++++ Extracted data ++++
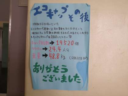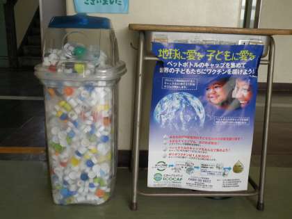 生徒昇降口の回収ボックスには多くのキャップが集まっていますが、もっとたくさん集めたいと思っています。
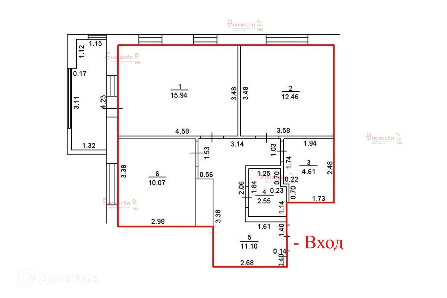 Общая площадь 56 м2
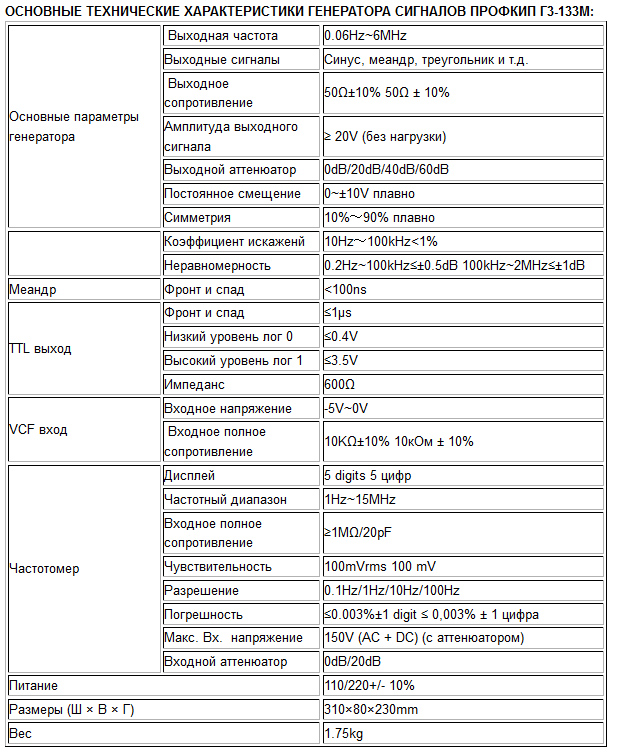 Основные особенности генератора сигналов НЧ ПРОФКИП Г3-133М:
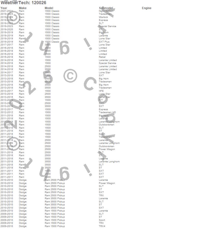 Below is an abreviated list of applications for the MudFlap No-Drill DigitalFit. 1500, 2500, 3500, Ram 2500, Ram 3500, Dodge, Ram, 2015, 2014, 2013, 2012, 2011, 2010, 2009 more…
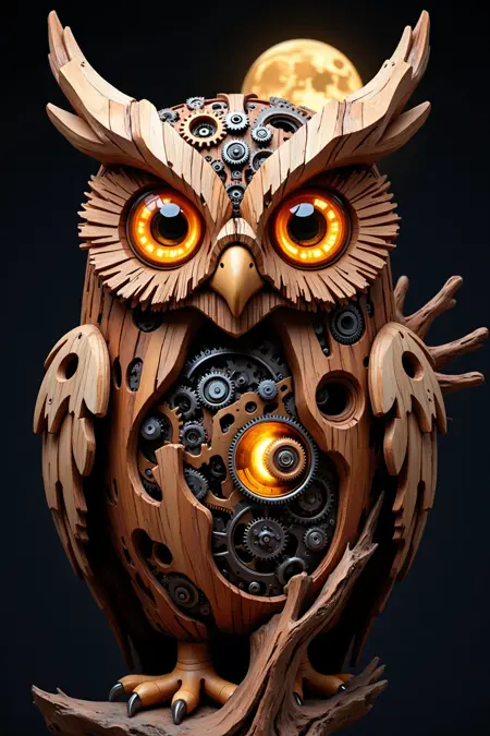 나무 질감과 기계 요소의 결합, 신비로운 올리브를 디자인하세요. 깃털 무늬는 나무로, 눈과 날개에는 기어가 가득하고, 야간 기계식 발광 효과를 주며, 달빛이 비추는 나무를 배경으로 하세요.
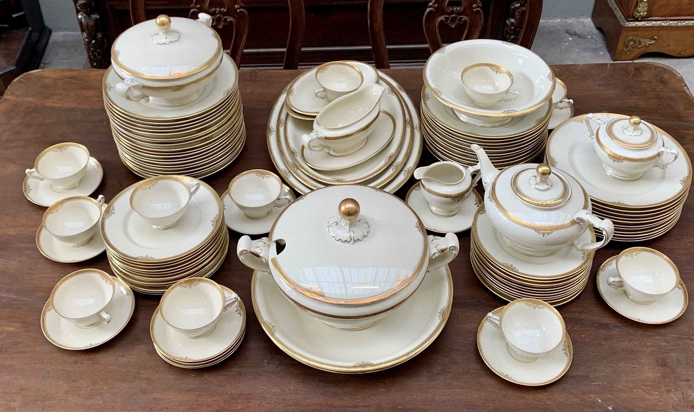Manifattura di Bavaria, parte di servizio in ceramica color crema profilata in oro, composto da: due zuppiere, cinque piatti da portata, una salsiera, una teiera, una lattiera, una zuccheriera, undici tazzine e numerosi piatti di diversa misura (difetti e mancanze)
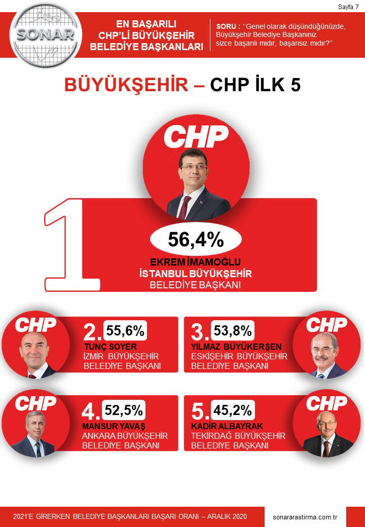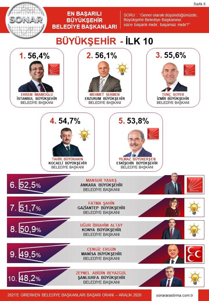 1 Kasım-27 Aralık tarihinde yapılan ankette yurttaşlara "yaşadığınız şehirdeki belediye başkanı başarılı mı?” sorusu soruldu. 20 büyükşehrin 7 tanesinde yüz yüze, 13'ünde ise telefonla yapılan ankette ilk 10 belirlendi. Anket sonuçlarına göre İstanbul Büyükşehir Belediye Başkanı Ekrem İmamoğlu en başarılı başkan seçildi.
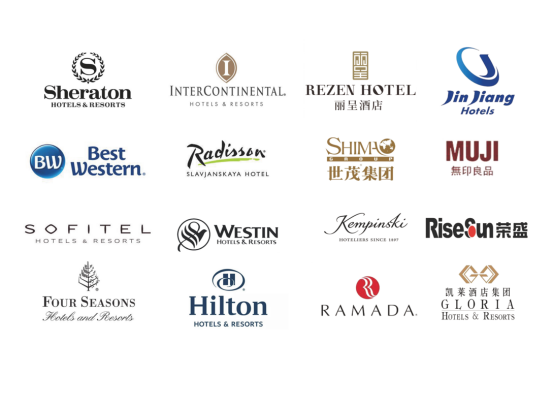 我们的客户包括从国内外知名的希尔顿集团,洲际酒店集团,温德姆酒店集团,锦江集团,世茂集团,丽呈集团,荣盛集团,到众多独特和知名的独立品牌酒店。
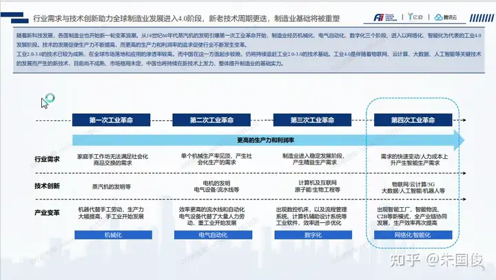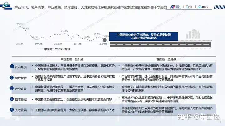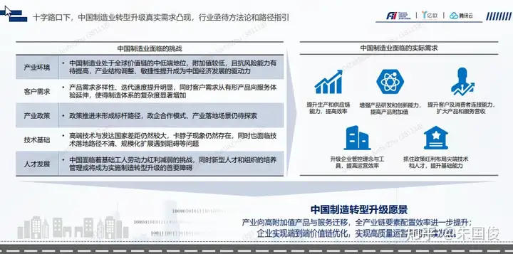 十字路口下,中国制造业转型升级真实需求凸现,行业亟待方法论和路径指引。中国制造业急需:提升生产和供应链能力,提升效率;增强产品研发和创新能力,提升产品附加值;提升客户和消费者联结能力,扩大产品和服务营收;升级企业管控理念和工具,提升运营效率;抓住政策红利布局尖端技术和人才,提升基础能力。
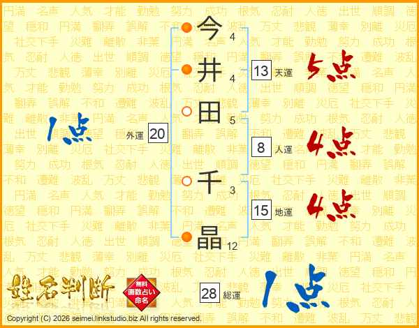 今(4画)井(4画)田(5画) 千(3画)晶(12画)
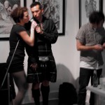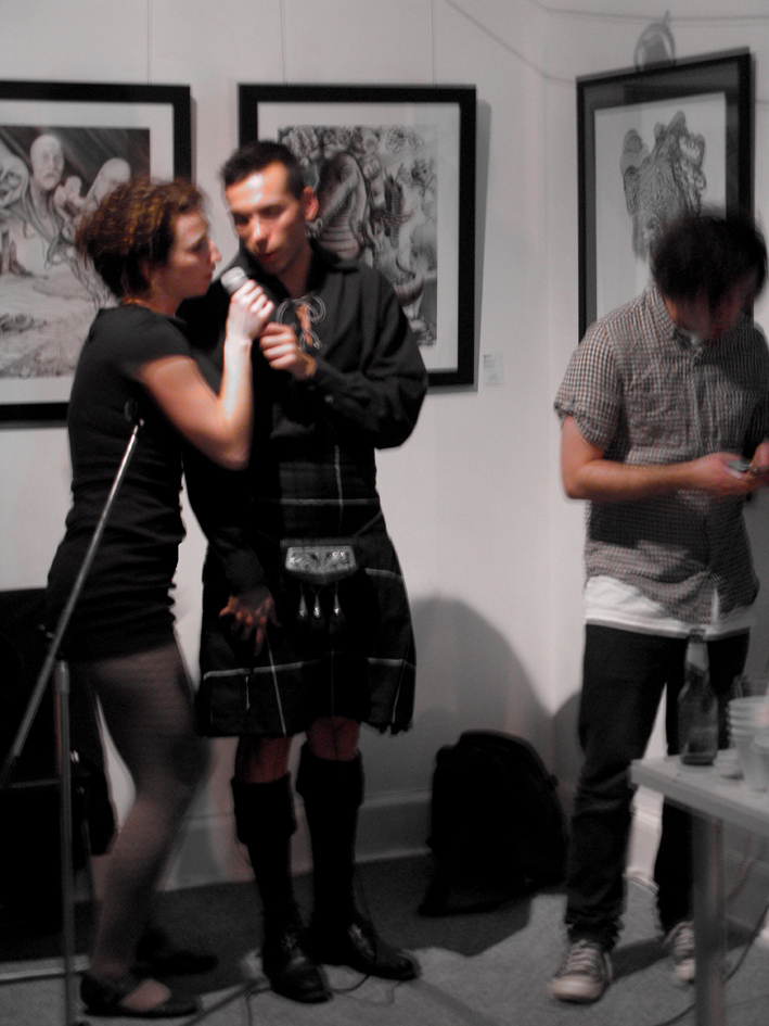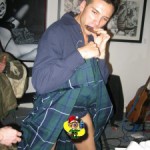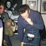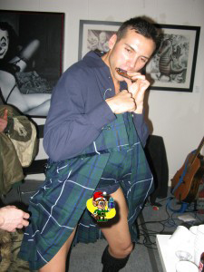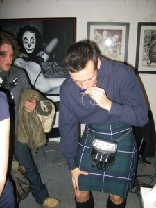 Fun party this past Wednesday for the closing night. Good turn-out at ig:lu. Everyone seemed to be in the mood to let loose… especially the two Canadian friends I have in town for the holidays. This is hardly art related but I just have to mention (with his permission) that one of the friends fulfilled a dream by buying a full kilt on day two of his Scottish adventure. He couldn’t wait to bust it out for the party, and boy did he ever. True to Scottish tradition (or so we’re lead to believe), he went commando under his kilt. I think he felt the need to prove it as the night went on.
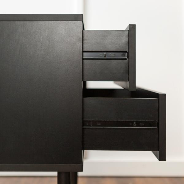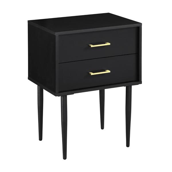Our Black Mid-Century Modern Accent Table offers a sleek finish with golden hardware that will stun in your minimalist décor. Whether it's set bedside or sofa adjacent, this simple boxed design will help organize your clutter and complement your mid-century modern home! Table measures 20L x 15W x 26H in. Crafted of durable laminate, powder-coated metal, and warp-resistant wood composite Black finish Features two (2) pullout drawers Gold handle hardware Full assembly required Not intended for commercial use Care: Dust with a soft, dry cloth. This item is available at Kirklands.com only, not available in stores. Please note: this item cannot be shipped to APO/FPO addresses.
++++
> Task statement: Starting at the line above that has "Общая площадь 56 м2" and ending at the line that has "Below is an", copy each line exactly, leaving the pictures out and adding nothing.

> Answer space:
 Общая площадь 56 м2
 Основные особенности генератора сигналов НЧ ПРОФКИП Г3-133М:
 Below is an abreviated list of applications for the MudFlap No-Drill DigitalFit. 1500, 2500, 3500, Ram 2500, Ram 3500, Dodge, Ram, 2015, 2014, 2013, 2012, 2011, 2010, 2009 more…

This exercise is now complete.